Exercise materials
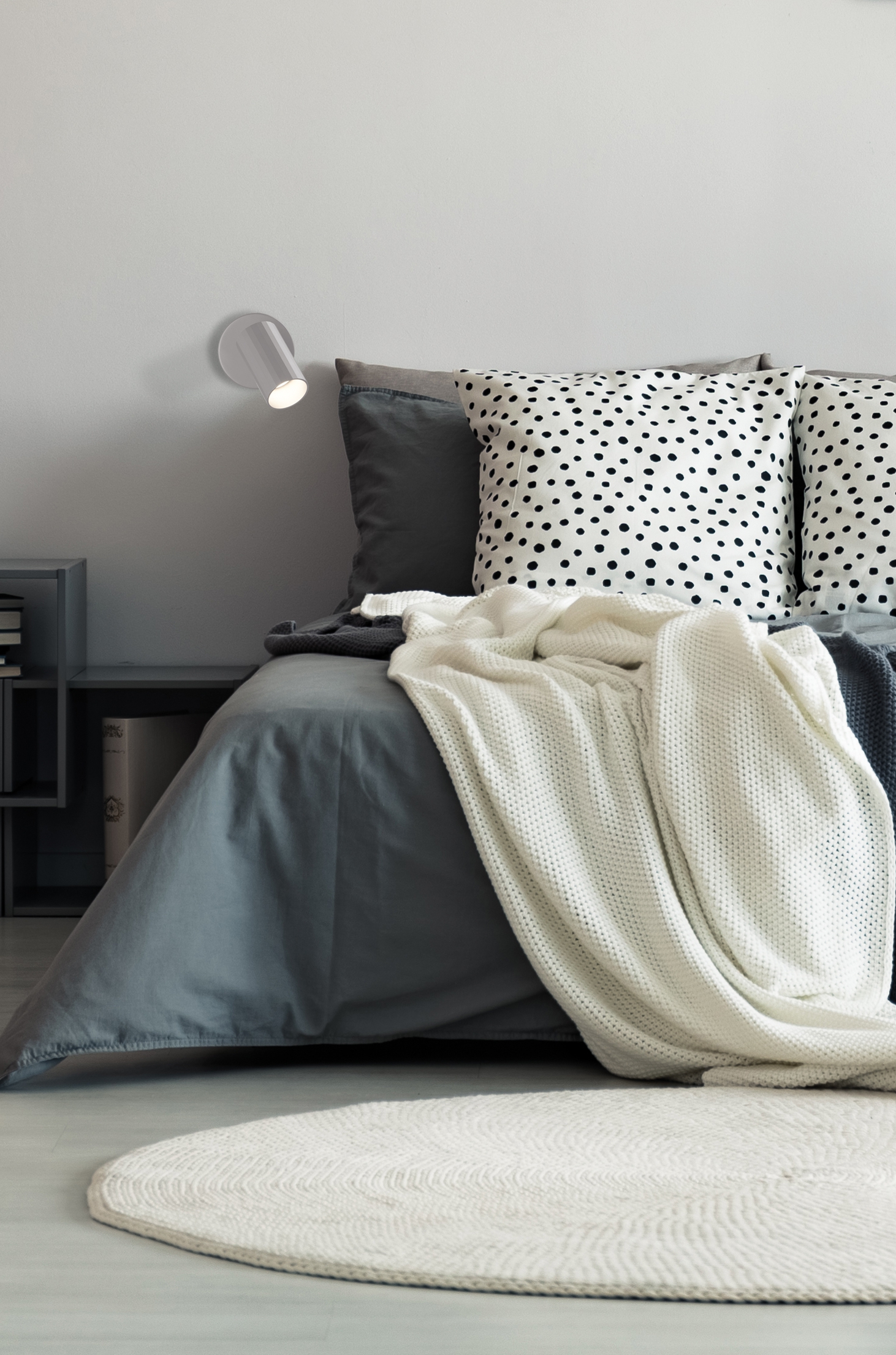 За стила, хармонията и естетиката на обстановката допринасят, както цялостната визия и дизайн на осветителното тяло, така и вложените в изработката му качествени материали, като: алуминиева основа в бял цвят, подвижно алуминиево осветително тяло в бяло, ъгъл на завъртане 360° и ъгъл на светлинния лъч 90°.
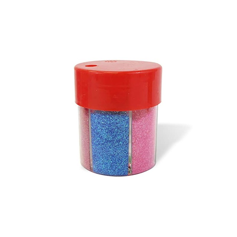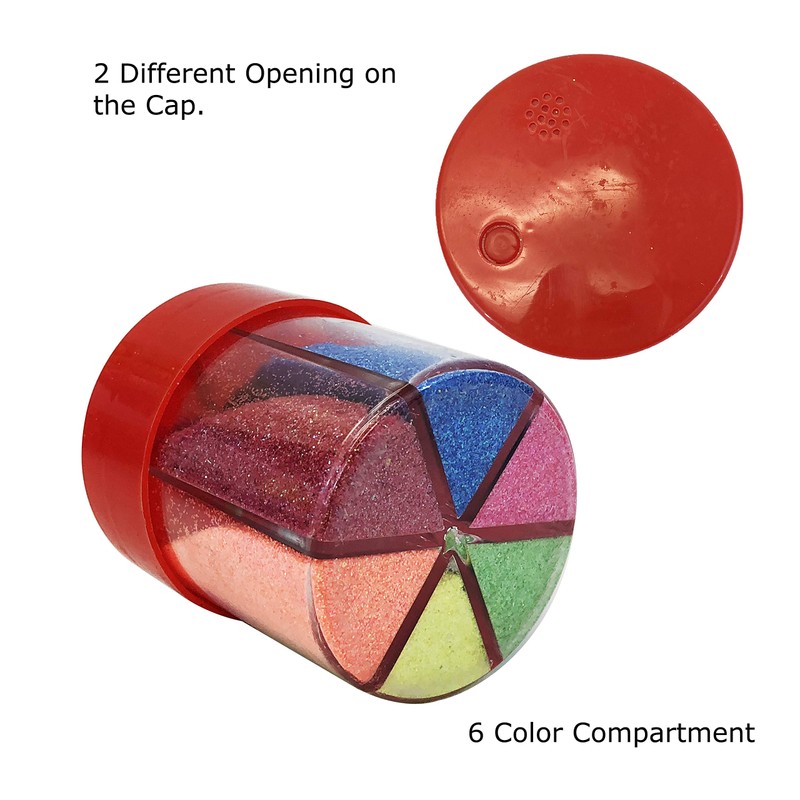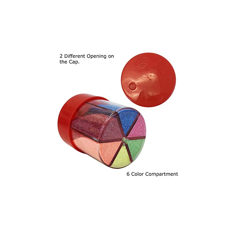 - 6 compartment containr 6 different color of glitter. Easy to take with you, or organize along with your other art n craft supplies.
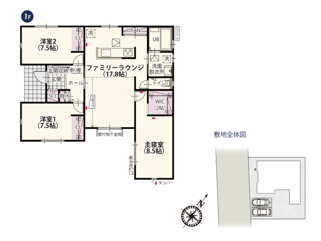 - ※完成予想図やCG合成画像は、門塀・植栽・庭・外観等、実際とは多少異なる場合があります。
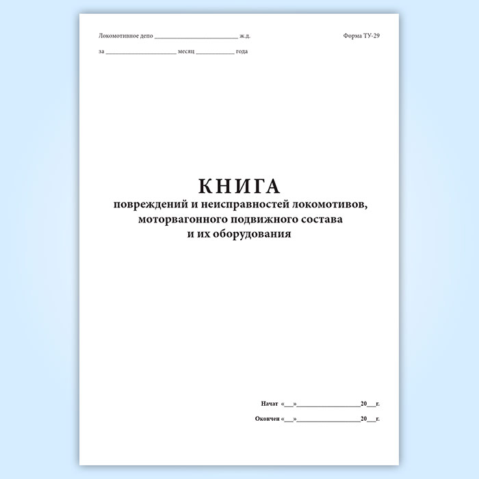 Книга повреждений и неисправностей локомотивов, моторвагонного подвижного состава и их оборудования (форма ТУ-29) в Альметьевске купить
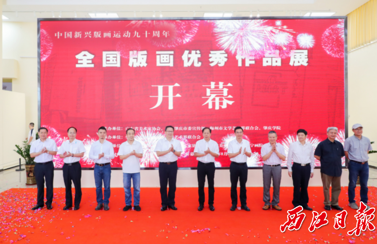 8月31日上午,由广东省美术家协会、中共肇庆市委宣传部、梅州市文学艺术界联合会、万象城娱乐awc线路联合主办的“中国新兴版画运动九十周年——全国版画优秀作品展”,在肇庆美术馆开幕。中国美术家协会副主席、广东省文联主席、广州美术学院校长李劲堃,市委副书记、市长许晓雄,市委常委、宣传部部长陈晓建出席活动。
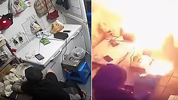 در ویدیو منتشر شده نشان می دهد که یک زن در آرامش و با خیال راحت در گوشه آشپزخانه یک ساختمان مسکونی نشسته که صدایی مهیب و آتش و دود او را غافلگیر کرد.
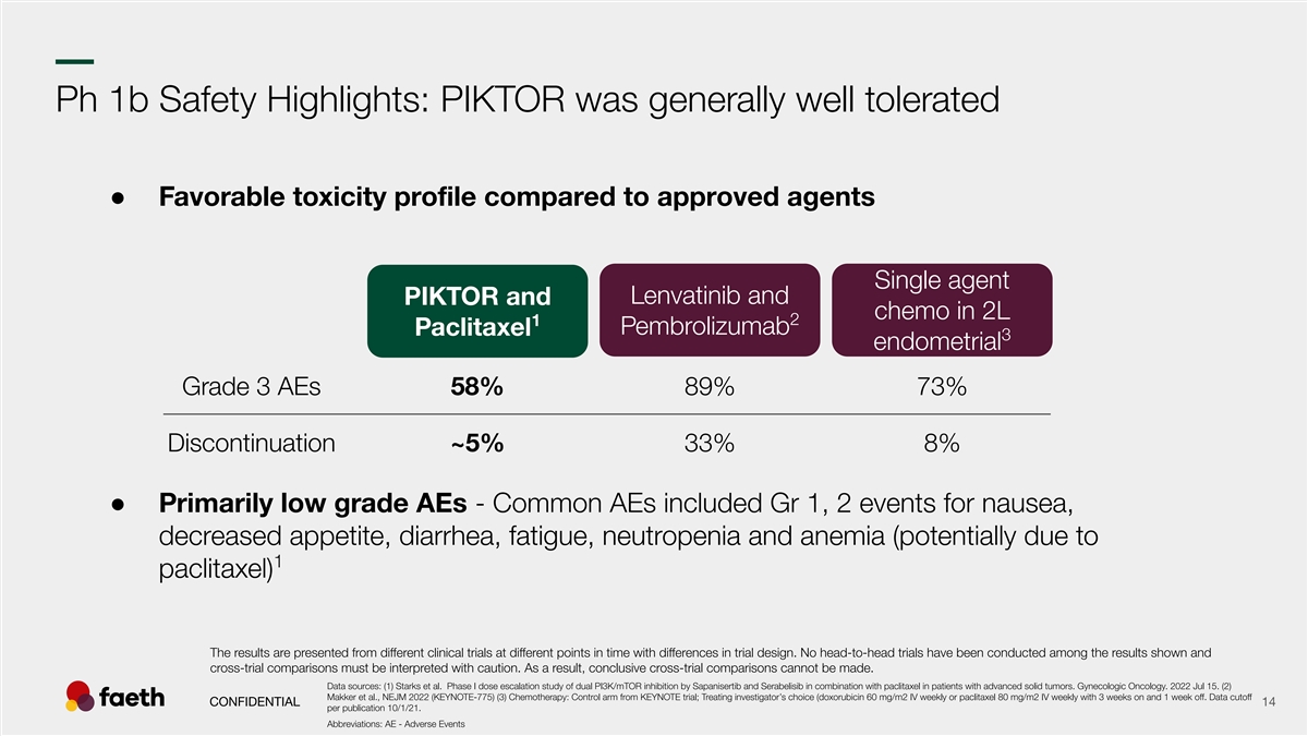 –– Ph1b: PIKTOR + paclitaxel showed durable responses in both PI3KCAmt and wt patients Prior Cancer Type LOT Complete Response Endometrial 4 MTOR & AKT1 Partial Response Endometrial 1 PIK3R1, PTEN, MTOR Stable Disease Ovarian 4 TP53 Progressive Disease Breast 3 PIK3R1 PI3K/AKT/mTOR pathway altered without PIK3CA mutation Endometrial 6 KRAS, RB1, EFFRI1 Not PI3K/AKT/mTOR pathway mutated Ovarian 3 TP53, NF1, CHEK2 PIK3CA mutation Ovarian 12 MYC, AKT2 & PIK3CA-amplification Ovarian 6 TP53, RB1, NF1-loss Serabelisib Sapanisertib Paclitaxel Ovarian 5 TP53, TSC1-loss, AKT3-amplification Ovarian 3 TP53 Endometrial 2 PIK3CA, PTEN, TSC1, PPP2R1A Note patient died due to COVID Endometrial 2 PIK3CA, PTEN Ovarian 3 TP53, EGFR, MYCN-amplification Ovarian 4 TP53, CCNE1 All but one subject had prior platinum and taxane based chemotherapy Ovarian 4 Seven (36%) had prior mTORC1 inhibitor (temsirolimus/everolimus) TP53 PFS (months) 0 5 10 15 20 25 n=19 enrolled (15 response evaluable, 13 RECIST evaluable). Data cutoff per publication 10/1/21. Starks DC, Rojas-Espaillat L, Meissner T, Williams CB. Phase I dose escalation study of dual PI3K/mTOR inhibition by Sapanisertib and Serabelisib in combination with paclitaxel in patients with advanced solid tumors. Gynecologic CONFIDENTIAL 13 Oncology. 2022 Jul 15. Abbreviations: PI3KCAmt - with mutation in PI3KA, wt - wild type, LOT - Lines of Therapy, ORR - Overall Response Rate, CBR - Clinical Benefit Rate, PFS - Progression Free Survival
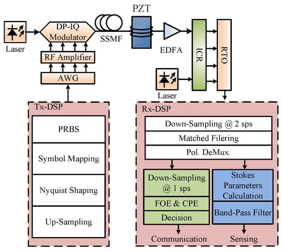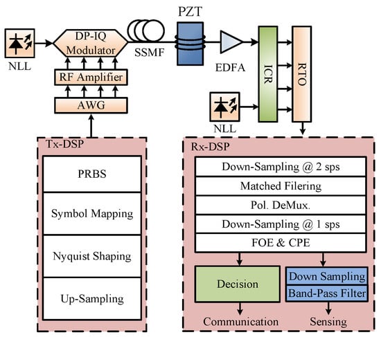 The experimental setup for demonstrating the integrated phase-based sensing and communication scheme is shown in Figure 12b and the experimental parameters are shown in Table 2. At the transmitter side, the pseudo-random binary sequence is mapped using dual-polarization 16-QAM symbols. Subsequently, the Nyquist shaping is performed on the signal using a root-raised-cosine (RRC) filter with a roll-off factor of 0.1. Then, the signal is subjected DSCM and up-sampled to the AWG sampling rate. Finally, the FPT at 10 GHz is inserted into X polarization and the FPT at −10 GHz is inserted into Y polarization. The center frequencies of the four subcarriers are set to −15 GHz, −5 GHz, 5 GHz, and 15 GHz, respectively, and the subcarrier intervals are set to 2 GHz. The symbol rate is set to 4 × 8 GBaud/s. An ECL with a 3 dB linewidth of 100 kHz is modulated by a dual-polarization in-phase and quadrature (DP-IQ) modulator driven by the AWG. After transmission through the SSMF, a variable optical attenuator (VOA) is used to adjust the received optical power (ROP) and an EDFA is used to compensate the loss of the fiber. At the receiver side, the signal and another ECL are coherently received by an ICR and the detected signals are captured by an RTO with a sampling rate of 64 GSa/s. Then, the received signals are processed by the ISAC scheme. For vibration sensing, vibration induced by a PZT is applied to the link.

Problem requirements
Copy out the full material exactly. Pictures should not appear in it.

Task answer
 За стила, хармонията и естетиката на обстановката допринасят, както цялостната визия и дизайн на осветителното тяло, така и вложените в изработката му качествени материали, като: алуминиева основа в бял цвят, подвижно алуминиево осветително тяло в бяло, ъгъл на завъртане 360° и ъгъл на светлинния лъч 90°.
 - 6 compartment containr 6 different color of glitter. Easy to take with you, or organize along with your other art n craft supplies.
 - ※完成予想図やCG合成画像は、門塀・植栽・庭・外観等、実際とは多少異なる場合があります。
 Книга повреждений и неисправностей локомотивов, моторвагонного подвижного состава и их оборудования (форма ТУ-29) в Альметьевске купить
 8月31日上午,由广东省美术家协会、中共肇庆市委宣传部、梅州市文学艺术界联合会、万象城娱乐awc线路联合主办的“中国新兴版画运动九十周年——全国版画优秀作品展”,在肇庆美术馆开幕。中国美术家协会副主席、广东省文联主席、广州美术学院校长李劲堃,市委副书记、市长许晓雄,市委常委、宣传部部长陈晓建出席活动。
 در ویدیو منتشر شده نشان می دهد که یک زن در آرامش و با خیال راحت در گوشه آشپزخانه یک ساختمان مسکونی نشسته که صدایی مهیب و آتش و دود او را غافلگیر کرد.
 –– Ph1b: PIKTOR + paclitaxel showed durable responses in both PI3KCAmt and wt patients Prior Cancer Type LOT Complete Response Endometrial 4 MTOR & AKT1 Partial Response Endometrial 1 PIK3R1, PTEN, MTOR Stable Disease Ovarian 4 TP53 Progressive Disease Breast 3 PIK3R1 PI3K/AKT/mTOR pathway altered without PIK3CA mutation Endometrial 6 KRAS, RB1, EFFRI1 Not PI3K/AKT/mTOR pathway mutated Ovarian 3 TP53, NF1, CHEK2 PIK3CA mutation Ovarian 12 MYC, AKT2 & PIK3CA-amplification Ovarian 6 TP53, RB1, NF1-loss Serabelisib Sapanisertib Paclitaxel Ovarian 5 TP53, TSC1-loss, AKT3-amplification Ovarian 3 TP53 Endometrial 2 PIK3CA, PTEN, TSC1, PPP2R1A Note patient died due to COVID Endometrial 2 PIK3CA, PTEN Ovarian 3 TP53, EGFR, MYCN-amplification Ovarian 4 TP53, CCNE1 All but one subject had prior platinum and taxane based chemotherapy Ovarian 4 Seven (36%) had prior mTORC1 inhibitor (temsirolimus/everolimus) TP53 PFS (months) 0 5 10 15 20 25 n=19 enrolled (15 response evaluable, 13 RECIST evaluable). Data cutoff per publication 10/1/21. Starks DC, Rojas-Espaillat L, Meissner T, Williams CB. Phase I dose escalation study of dual PI3K/mTOR inhibition by Sapanisertib and Serabelisib in combination with paclitaxel in patients with advanced solid tumors. Gynecologic CONFIDENTIAL 13 Oncology. 2022 Jul 15. Abbreviations: PI3KCAmt - with mutation in PI3KA, wt - wild type, LOT - Lines of Therapy, ORR - Overall Response Rate, CBR - Clinical Benefit Rate, PFS - Progression Free Survival
 The experimental setup for demonstrating the integrated phase-based sensing and communication scheme is shown in Figure 12b and the experimental parameters are shown in Table 2. At the transmitter side, the pseudo-random binary sequence is mapped using dual-polarization 16-QAM symbols. Subsequently, the Nyquist shaping is performed on the signal using a root-raised-cosine (RRC) filter with a roll-off factor of 0.1. Then, the signal is subjected DSCM and up-sampled to the AWG sampling rate. Finally, the FPT at 10 GHz is inserted into X polarization and the FPT at −10 GHz is inserted into Y polarization. The center frequencies of the four subcarriers are set to −15 GHz, −5 GHz, 5 GHz, and 15 GHz, respectively, and the subcarrier intervals are set to 2 GHz. The symbol rate is set to 4 × 8 GBaud/s. An ECL with a 3 dB linewidth of 100 kHz is modulated by a dual-polarization in-phase and quadrature (DP-IQ) modulator driven by the AWG. After transmission through the SSMF, a variable optical attenuator (VOA) is used to adjust the received optical power (ROP) and an EDFA is used to compensate the loss of the fiber. At the receiver side, the signal and another ECL are coherently received by an ICR and the detected signals are captured by an RTO with a sampling rate of 64 GSa/s. Then, the received signals are processed by the ISAC scheme. For vibration sensing, vibration induced by a PZT is applied to the link.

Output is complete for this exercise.